**About this task:** Word for word and without images, transcribe all of the records.

----- Input data -----

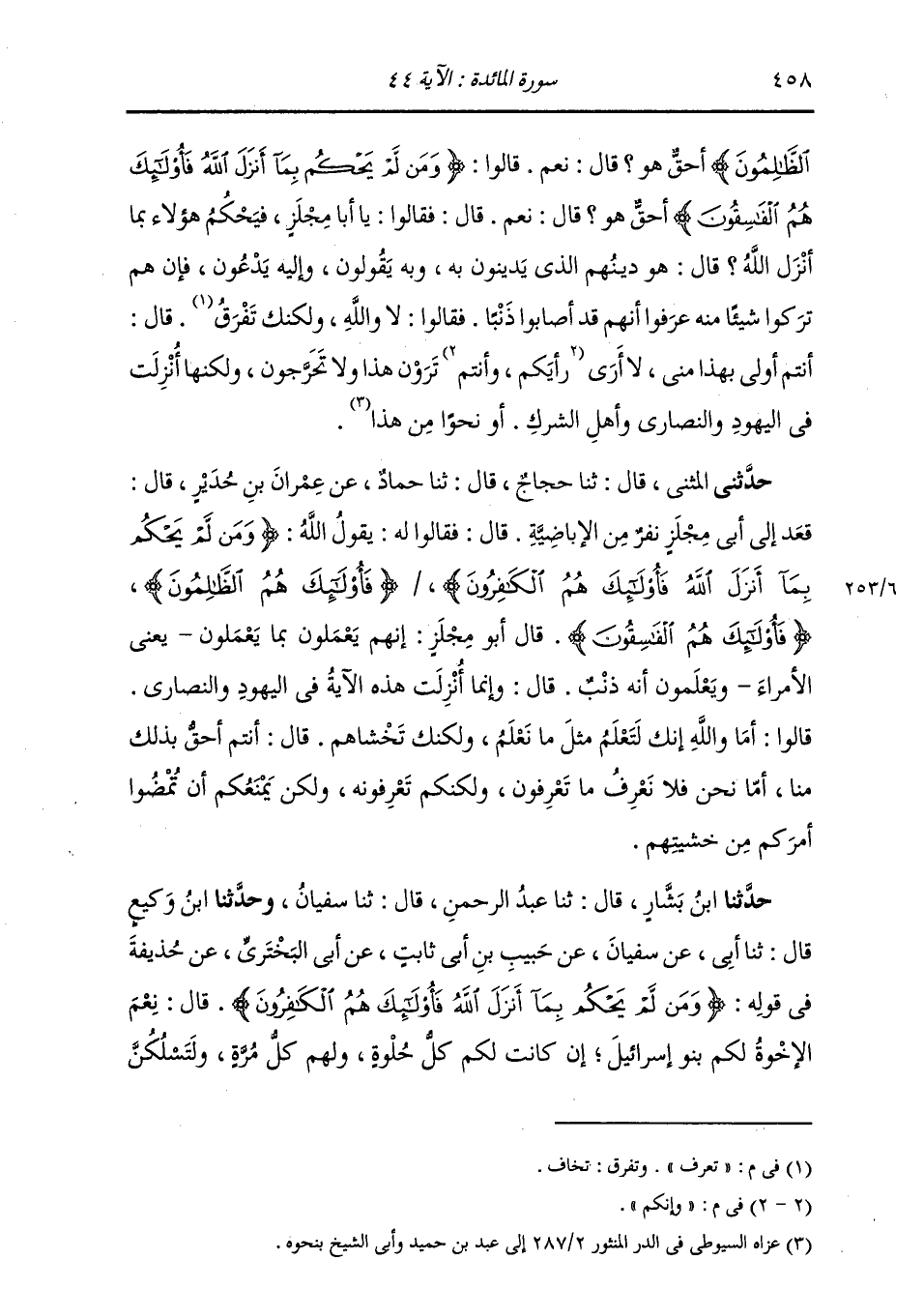 حَدَّثَنِي الْمُثَنَّى , قَالَ: ثنا حَجَّاجٌ , قَالَ: ثنا حَمَّادٌ , عَنْ عِمْرَانَ بْنِ حُدَيْرٍ , قَالَ: قَعَدَ إِلَى أَبِي مِجْلَزٍ نَفَرٌ مِنَ الْإِبَاضِيَّةِ , قَالَ: فَقَالُوا لَهُ: يَقُولُ اللَّهُ: {§وَمَنْ لَمْ يَحْكُمْ بِمَا أَنْزَلَ اللَّهُ فَأُولَئِكَ هُمُ الْكَافِرُونَ} [المائدة: 44] , {فَأُولَئِكَ هُمُ الظَّالِمُونَ} [البقرة: 229] , {فَأُولَئِكَ هُمُ الْفَاسِقُونَ} [آل عمران: 82] قَالَ أَبُو مِجْلَزٍ: إِنَّهُمْ يَعْمَلُونَ مَا يَعْمَلُونَ , يَعْنِي الْأَمَرَاءَ , وَيَعْلَمُونَ أَنَّهُ ذَنْبٌ. قَالَ: وَإِنَّمَا أُنْزِلَتْ هَذِهِ الْآيَةُ فِي الْيَهُودِ وَالنَّصَارَى. قَالُوا: أَمَا وَاللَّهِ إِنَّكَ لَتَعْلَمُ مِثْلَ مَا نَعْلَمُ , وَلَكِنَّكَ تَخْشَاهُمْ. قَالَ: أَنْتُمْ أَحَقُّ بِذَلِكَ مِنَّا , أَمَّا نَحْنُ فَلَا نَعْرِفُ مَا تَعْرِفُونَ وَلَكِنَّكُمْ تَعْرِفُونَهُ , وَلَكِنْ يَمْنَعُكُمْ أَنْ تُمْضُوا أَمْرَكُمْ مِنْ خَشْيَتِهِمْ "
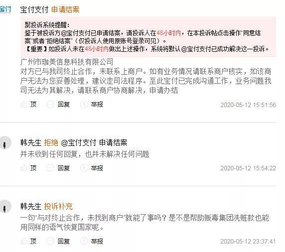 但是在另一类似投诉中,宝付支付给出的回应是“对方已与我司终止合作,未联系上商户。如有业务情况请联系商户核实,如该商户无法为您妥善处理,建议走司法程序。”
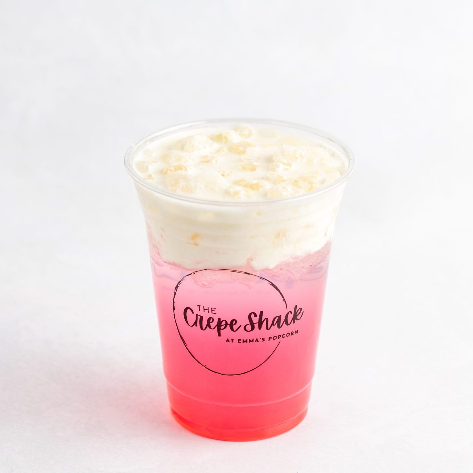 Pink lotus, peach & Vanilla flavors. Topped with cream.
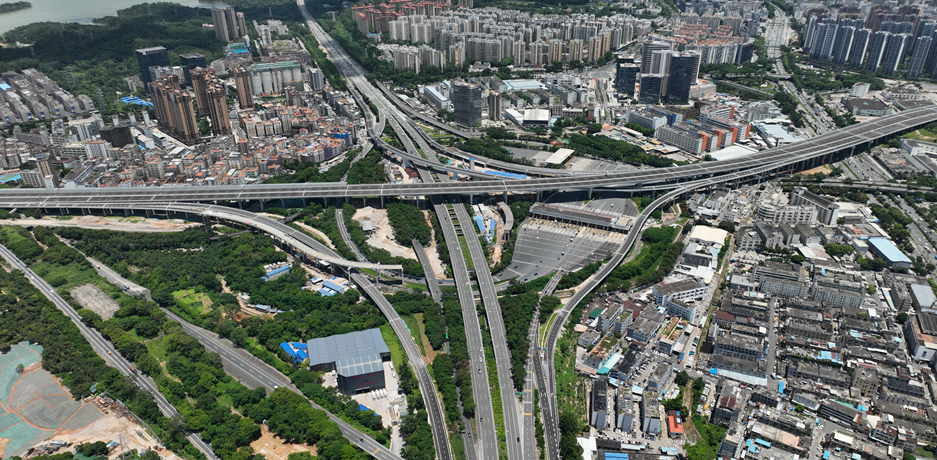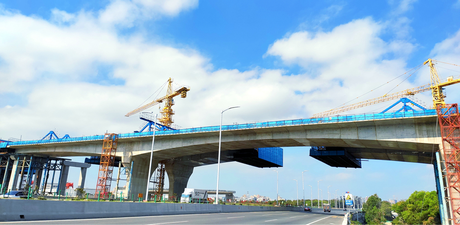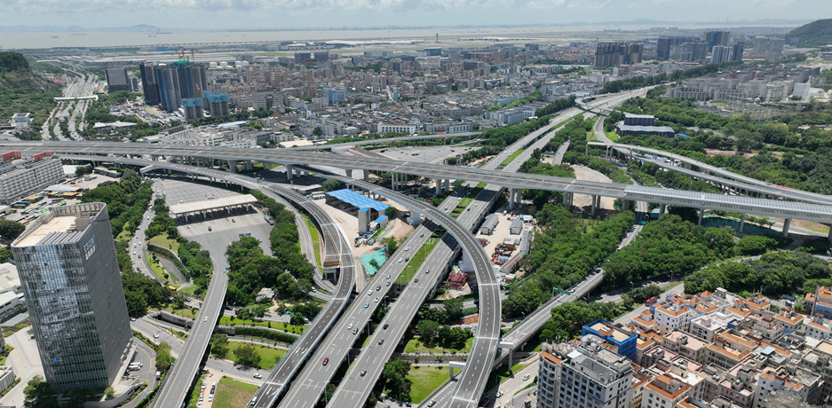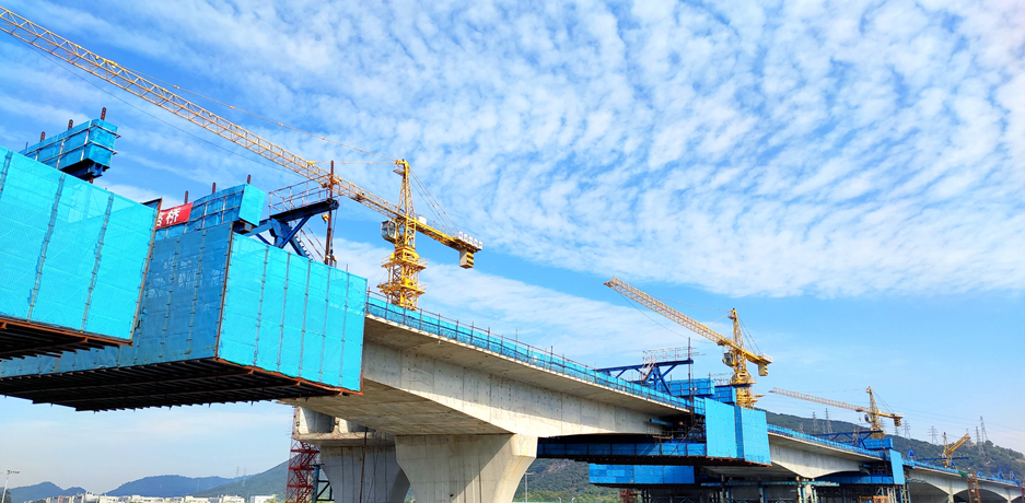 广深沿江高速二期第1合同段,项目全长5.7公里,起于机荷高速公路黄鹤收费站,终于深中通道东人工岛,双向八车道,设计速度100km/h,是沿江高速与深中通道、机荷高速公路、广深高速公路、宝安国际机场的重要连接线,深中通道侧接线(沿江高速二期)项目充分发挥高速路网优势,加快城市融合、资源要素流动,带动广州、深圳、珠江口西岸三大都市圈联动发展,极大提高环珠江口100公里“黄金内湾”的“含金量”,在“黄金内湾”加快形成“一小时通勤圈”,深刻影响粤港澳大湾区的区域发展格局。沿江高速项目跨越“五路一场”(洲石路、机荷高速、广深高速、鹤洲收费站广场、机场南路、107国道),全线桥梁占比95%。首次在深圳使用曲线梁转体施工工艺,随着单个重达2900吨双幅曲线桥横跨广深高速实现空中同步转体到位,广东省首座在跨高速施工不封闭道路实现双墩空中转体的曲线桥顺利完成。
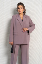 Длина жакета по спинке около 72 см в размерах 40-46 и около 74 см в размерах 48-52, длина рукавов около 62,5 см. Длина брюк по боковому шву с поясом около 99 см в размерах 40-46 и около 100,5 см в размерах 48-52, длина по внутреннему шву около 70 см.
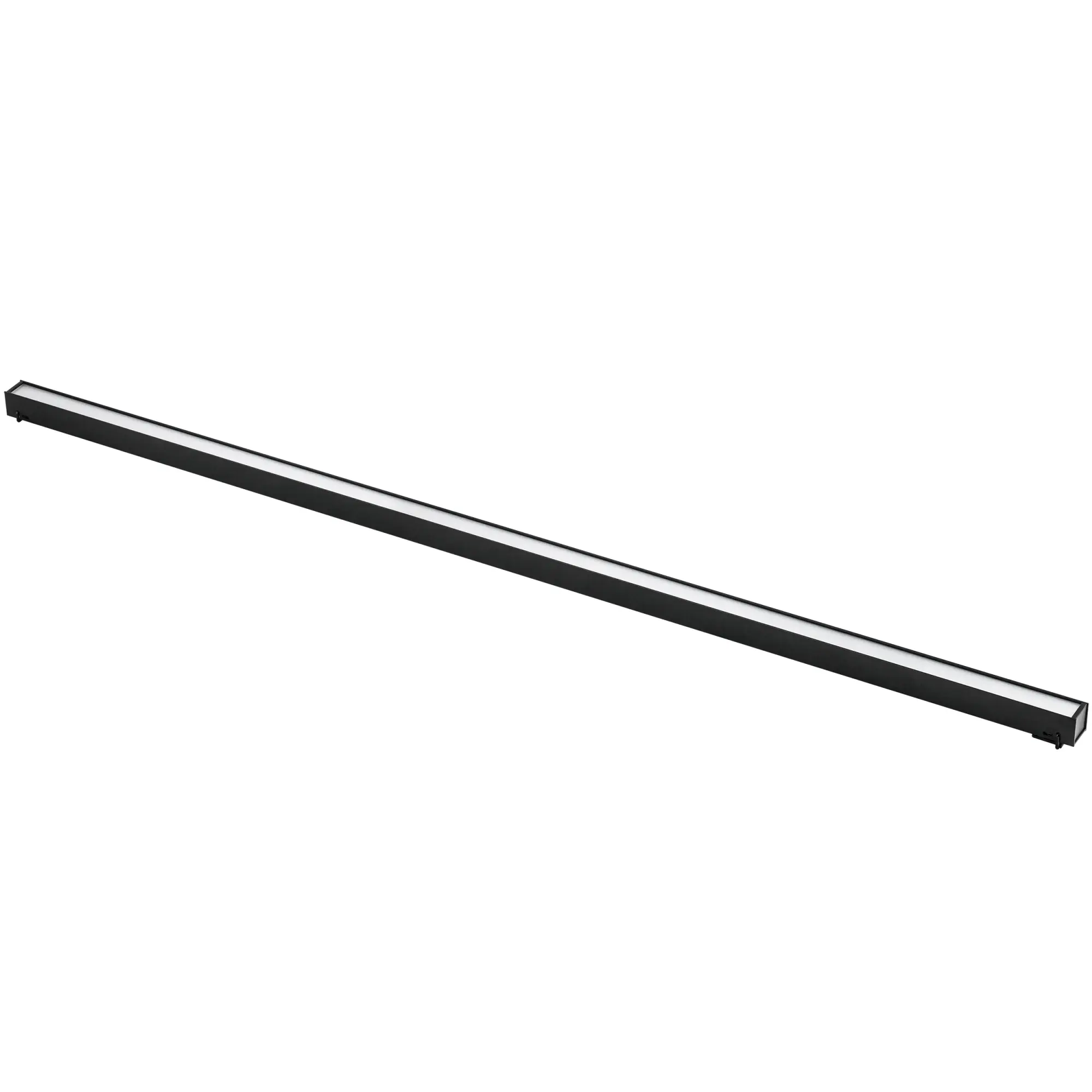 Внешние габариты: D 2000 W40 H45; Материал - основание/плафон: Металл ; Цвет-основание/плафон: черный; Лампа: LED 36Вт соответствует 360 Вт лампе накаливания, Световой поток: 5088LM; Угол рассеивания: 100G; 3000К
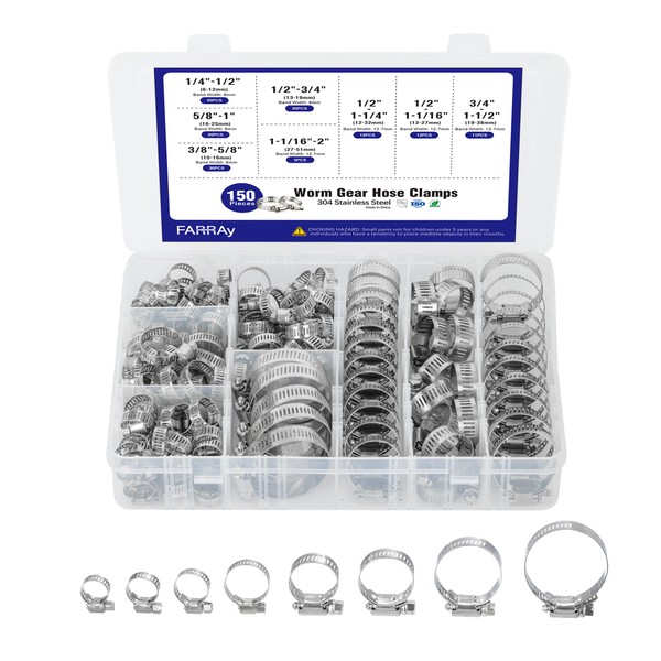 FARRAY 150 PCS Hose Clamps Assortment Kit, Adjustable 1/4"- 2"(6-51mm) Worm Gear Hose Clamps, 304 Stainless Steel Hose Clamps for Plumbing, Automotive and Mechanical Applications

-----

**Task response:**
 حَدَّثَنِي الْمُثَنَّى , قَالَ: ثنا حَجَّاجٌ , قَالَ: ثنا حَمَّادٌ , عَنْ عِمْرَانَ بْنِ حُدَيْرٍ , قَالَ: قَعَدَ إِلَى أَبِي مِجْلَزٍ نَفَرٌ مِنَ الْإِبَاضِيَّةِ , قَالَ: فَقَالُوا لَهُ: يَقُولُ اللَّهُ: {§وَمَنْ لَمْ يَحْكُمْ بِمَا أَنْزَلَ اللَّهُ فَأُولَئِكَ هُمُ الْكَافِرُونَ} [المائدة: 44] , {فَأُولَئِكَ هُمُ الظَّالِمُونَ} [البقرة: 229] , {فَأُولَئِكَ هُمُ الْفَاسِقُونَ} [آل عمران: 82] قَالَ أَبُو مِجْلَزٍ: إِنَّهُمْ يَعْمَلُونَ مَا يَعْمَلُونَ , يَعْنِي الْأَمَرَاءَ , وَيَعْلَمُونَ أَنَّهُ ذَنْبٌ. قَالَ: وَإِنَّمَا أُنْزِلَتْ هَذِهِ الْآيَةُ فِي الْيَهُودِ وَالنَّصَارَى. قَالُوا: أَمَا وَاللَّهِ إِنَّكَ لَتَعْلَمُ مِثْلَ مَا نَعْلَمُ , وَلَكِنَّكَ تَخْشَاهُمْ. قَالَ: أَنْتُمْ أَحَقُّ بِذَلِكَ مِنَّا , أَمَّا نَحْنُ فَلَا نَعْرِفُ مَا تَعْرِفُونَ وَلَكِنَّكُمْ تَعْرِفُونَهُ , وَلَكِنْ يَمْنَعُكُمْ أَنْ تُمْضُوا أَمْرَكُمْ مِنْ خَشْيَتِهِمْ "
 但是在另一类似投诉中,宝付支付给出的回应是“对方已与我司终止合作,未联系上商户。如有业务情况请联系商户核实,如该商户无法为您妥善处理,建议走司法程序。”
 Pink lotus, peach & Vanilla flavors. Topped with cream.
 广深沿江高速二期第1合同段,项目全长5.7公里,起于机荷高速公路黄鹤收费站,终于深中通道东人工岛,双向八车道,设计速度100km/h,是沿江高速与深中通道、机荷高速公路、广深高速公路、宝安国际机场的重要连接线,深中通道侧接线(沿江高速二期)项目充分发挥高速路网优势,加快城市融合、资源要素流动,带动广州、深圳、珠江口西岸三大都市圈联动发展,极大提高环珠江口100公里“黄金内湾”的“含金量”,在“黄金内湾”加快形成“一小时通勤圈”,深刻影响粤港澳大湾区的区域发展格局。沿江高速项目跨越“五路一场”(洲石路、机荷高速、广深高速、鹤洲收费站广场、机场南路、107国道),全线桥梁占比95%。首次在深圳使用曲线梁转体施工工艺,随着单个重达2900吨双幅曲线桥横跨广深高速实现空中同步转体到位,广东省首座在跨高速施工不封闭道路实现双墩空中转体的曲线桥顺利完成。
 Длина жакета по спинке около 72 см в размерах 40-46 и около 74 см в размерах 48-52, длина рукавов около 62,5 см. Длина брюк по боковому шву с поясом около 99 см в размерах 40-46 и около 100,5 см в размерах 48-52, длина по внутреннему шву около 70 см.
 Внешние габариты: D 2000 W40 H45; Материал - основание/плафон: Металл ; Цвет-основание/плафон: черный; Лампа: LED 36Вт соответствует 360 Вт лампе накаливания, Световой поток: 5088LM; Угол рассеивания: 100G; 3000К
 FARRAY 150 PCS Hose Clamps Assortment Kit, Adjustable 1/4"- 2"(6-51mm) Worm Gear Hose Clamps, 304 Stainless Steel Hose Clamps for Plumbing, Automotive and Mechanical Applications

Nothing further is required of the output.